- **Material provided**:

[Start of section]

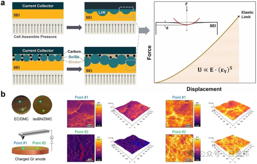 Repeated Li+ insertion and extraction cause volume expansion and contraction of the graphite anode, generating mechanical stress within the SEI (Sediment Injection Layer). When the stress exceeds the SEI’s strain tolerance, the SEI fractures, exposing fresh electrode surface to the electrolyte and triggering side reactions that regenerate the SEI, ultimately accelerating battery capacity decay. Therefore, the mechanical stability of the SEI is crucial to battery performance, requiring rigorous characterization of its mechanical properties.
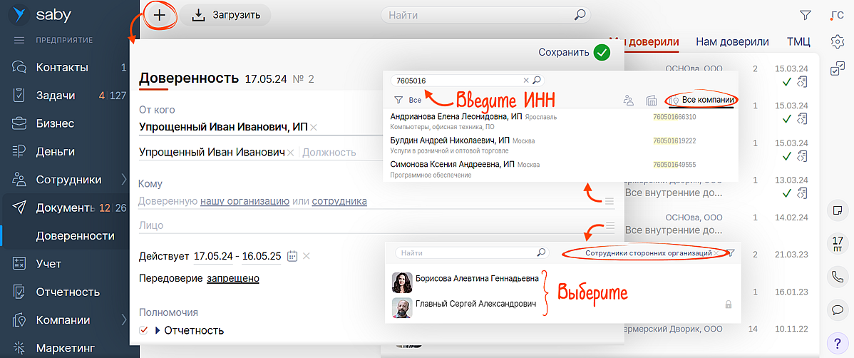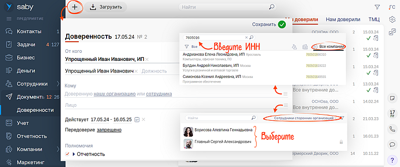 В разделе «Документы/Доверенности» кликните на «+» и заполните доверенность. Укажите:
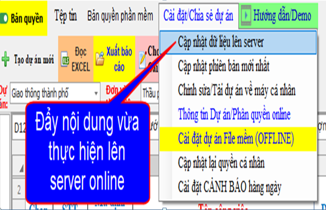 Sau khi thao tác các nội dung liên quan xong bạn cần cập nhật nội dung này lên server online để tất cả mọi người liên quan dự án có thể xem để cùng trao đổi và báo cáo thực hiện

[End of section]

Print the whole listing exactly, please, and keep any images out of it.

- **Result of this task**:
 Repeated Li+ insertion and extraction cause volume expansion and contraction of the graphite anode, generating mechanical stress within the SEI (Sediment Injection Layer). When the stress exceeds the SEI’s strain tolerance, the SEI fractures, exposing fresh electrode surface to the electrolyte and triggering side reactions that regenerate the SEI, ultimately accelerating battery capacity decay. Therefore, the mechanical stability of the SEI is crucial to battery performance, requiring rigorous characterization of its mechanical properties.
 В разделе «Документы/Доверенности» кликните на «+» и заполните доверенность. Укажите:
 Sau khi thao tác các nội dung liên quan xong bạn cần cập nhật nội dung này lên server online để tất cả mọi người liên quan dự án có thể xem để cùng trao đổi và báo cáo thực hiện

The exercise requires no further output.